ACTIVITY: Reproduce every line of the data, exactly and without its pictures.

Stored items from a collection

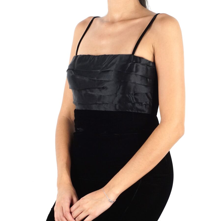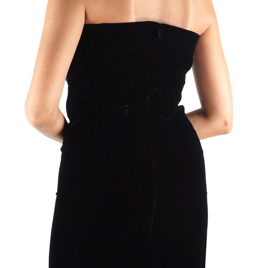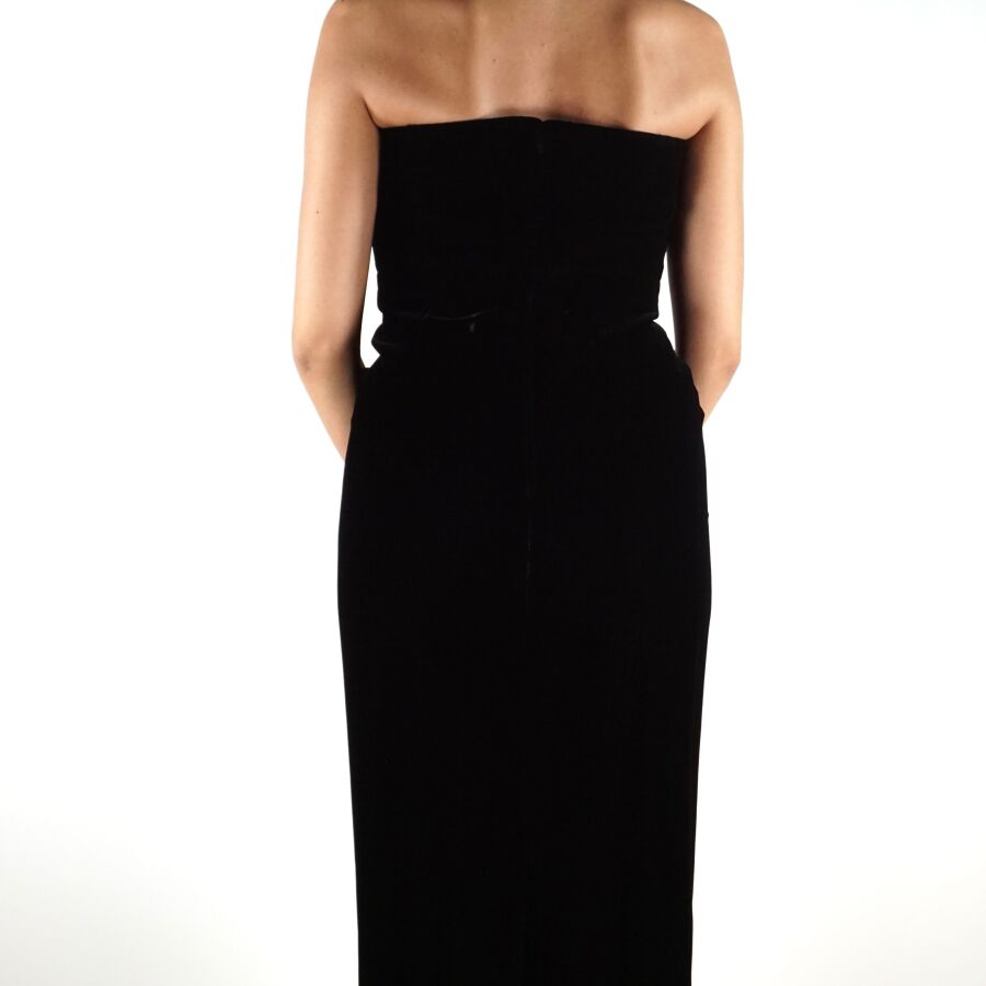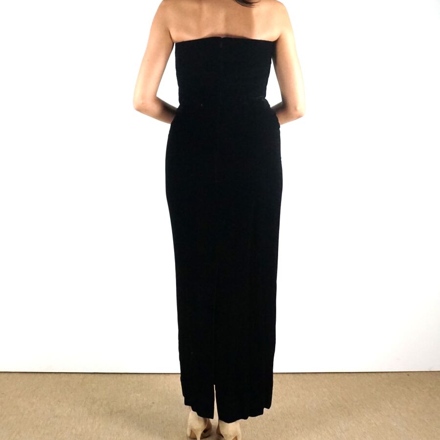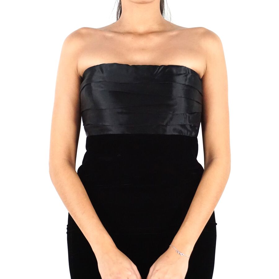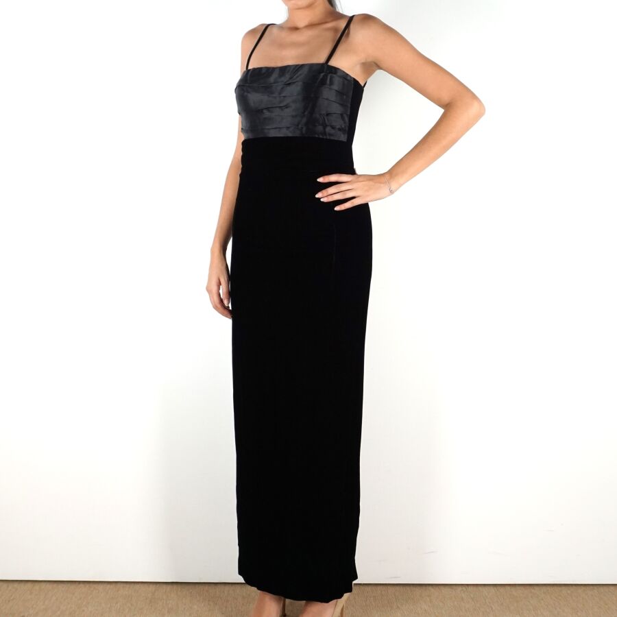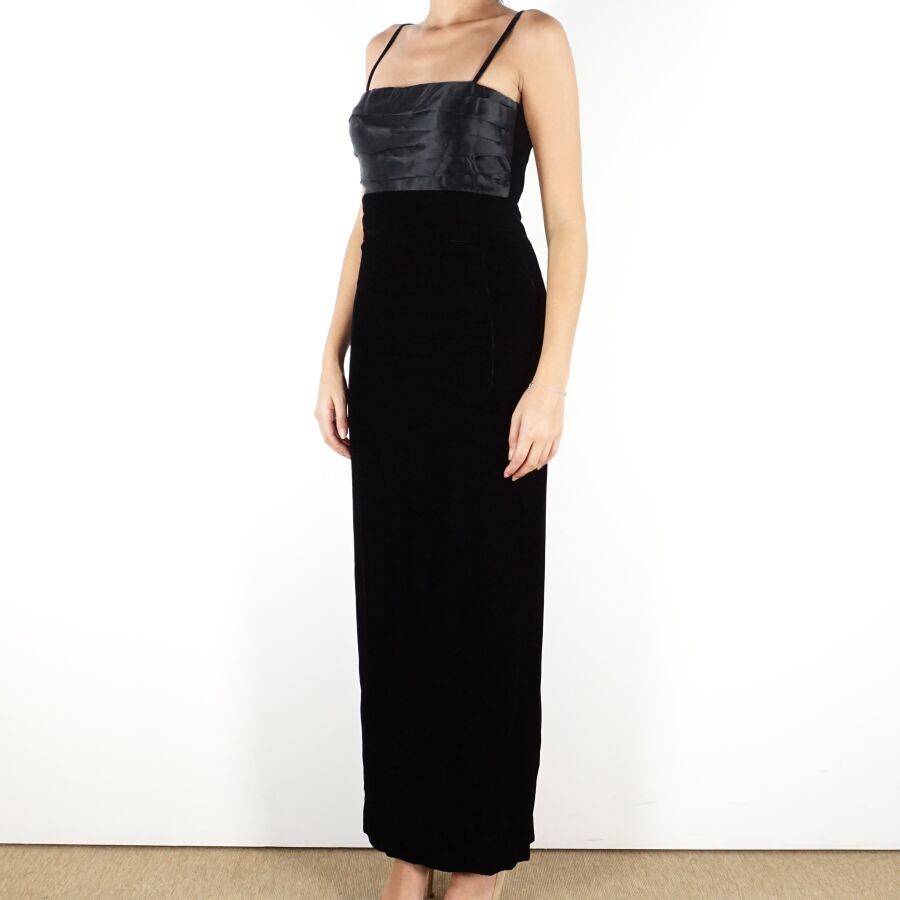 CHRISTIAN DIOR - PARIS : Collection Automne - Hiver 1984, Belle robe du soir type bustier en laine, soie, satin et rayonne noir, bustier plissé, bretelles fines non ajustables, étiquette intérieure numérotée, double fermeture zippée au dos (une pour la doublure), fendue à l'arrière, taille supposée M, présentée avec son cintre logoté, H. Hors bretelles : 129 cm environ. H. Bretelles : 20.4 cm.
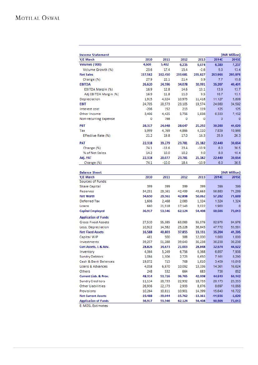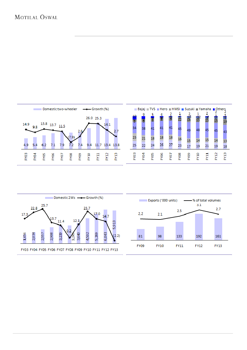We expect recovery in two-wheeler demand from 2HFY14 and believe
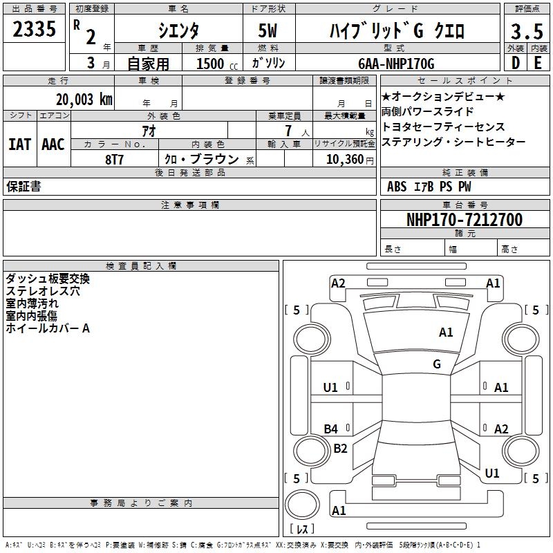 TOYOTA SIENTA - лот 2335
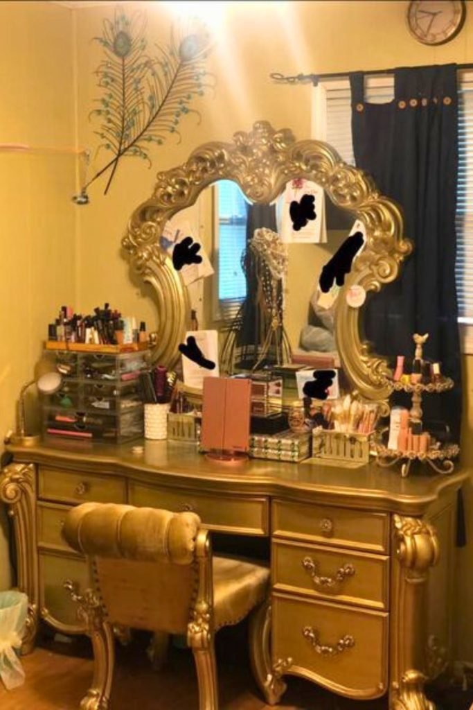 The ornate gold mirror and matching desk create a luxurious focal point, while multiple drawers offer ample storage.
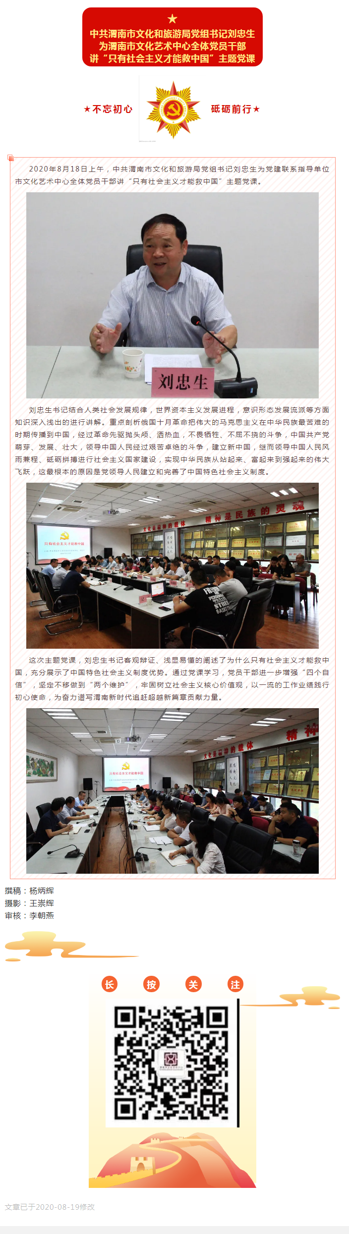 中共渭南市文化和旅游局党组书记刘忠生 为渭南市文化艺术中心全体党员干部 讲“只有社会主义才能救中国”主题党课
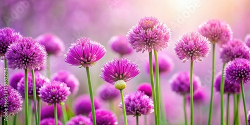 Minimalist Spring Wild Chives Blossoms: Pink & Purple Allium Schoenoprasum Flowers
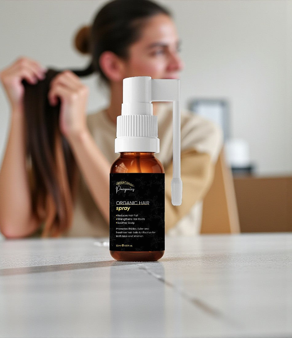 Revitalize your hair with Pureganics Hair Care Spray, infused with the power of natural extracts like Jojoba, Rosemary, and Ginger. This nourishing formula is designed to promote healthy hair growth, reduce hair fall, and restore your scalp’s balance. Whether you're looking to repair damaged hair or enhance its natural shine, our hair spray is the perfect solution for all your hair care needs.
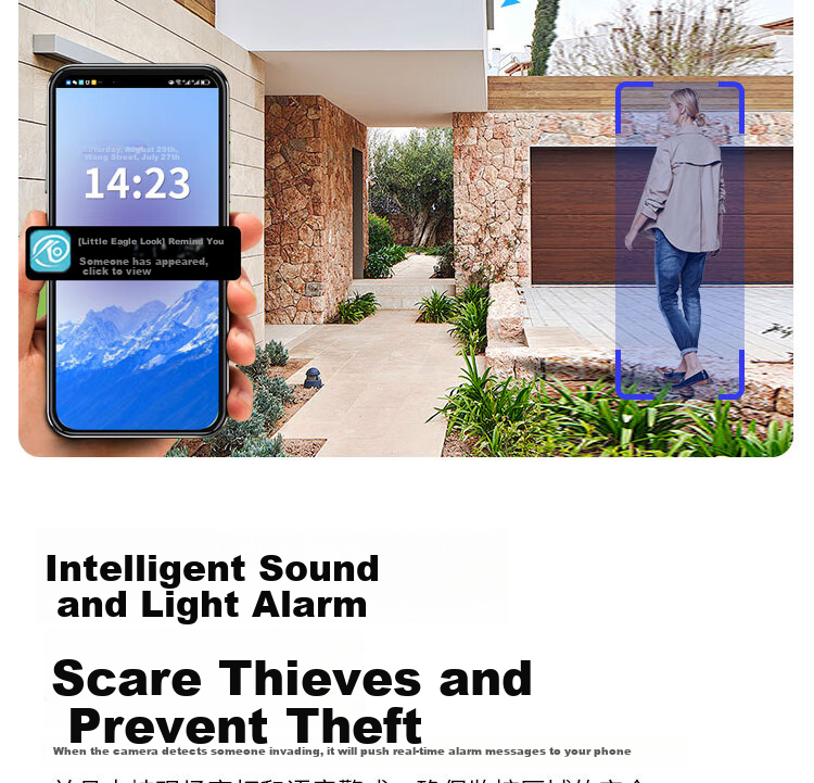 **Alert System:** Smart sound and light alarms for real-time notifications and deterrence
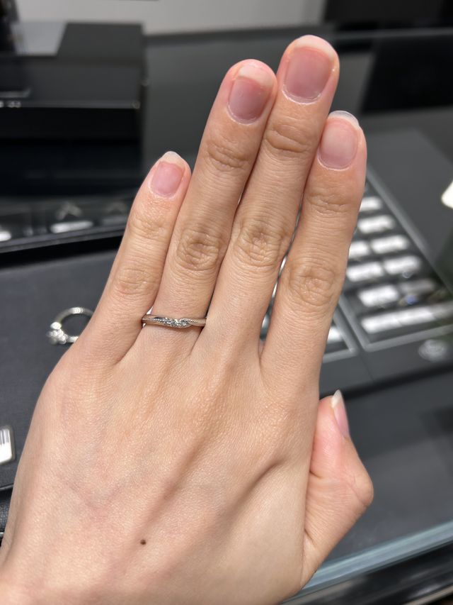 シンプルにも関わらず、ダイヤモンドの輝きとミルの細かさが個性的な、周りと被らないデザインに惹かれました。また、中央に窪みがあるため、婚約指輪のセンターリングとも相性が良く、普段使いはもちろん、特別な日にもつけたくなる素敵なリングです!

REPLY TO THE EXERCISE:
 CHRISTIAN DIOR - PARIS : Collection Automne - Hiver 1984, Belle robe du soir type bustier en laine, soie, satin et rayonne noir, bustier plissé, bretelles fines non ajustables, étiquette intérieure numérotée, double fermeture zippée au dos (une pour la doublure), fendue à l'arrière, taille supposée M, présentée avec son cintre logoté, H. Hors bretelles : 129 cm environ. H. Bretelles : 20.4 cm.
We expect recovery in two-wheeler demand from 2HFY14 and believe
 TOYOTA SIENTA - лот 2335
 The ornate gold mirror and matching desk create a luxurious focal point, while multiple drawers offer ample storage.
 中共渭南市文化和旅游局党组书记刘忠生 为渭南市文化艺术中心全体党员干部 讲“只有社会主义才能救中国”主题党课
 Minimalist Spring Wild Chives Blossoms: Pink & Purple Allium Schoenoprasum Flowers
 Revitalize your hair with Pureganics Hair Care Spray, infused with the power of natural extracts like Jojoba, Rosemary, and Ginger. This nourishing formula is designed to promote healthy hair growth, reduce hair fall, and restore your scalp’s balance. Whether you're looking to repair damaged hair or enhance its natural shine, our hair spray is the perfect solution for all your hair care needs.
 **Alert System:** Smart sound and light alarms for real-time notifications and deterrence
 シンプルにも関わらず、ダイヤモンドの輝きとミルの細かさが個性的な、周りと被らないデザインに惹かれました。また、中央に窪みがあるため、婚約指輪のセンターリングとも相性が良く、普段使いはもちろん、特別な日にもつけたくなる素敵なリングです!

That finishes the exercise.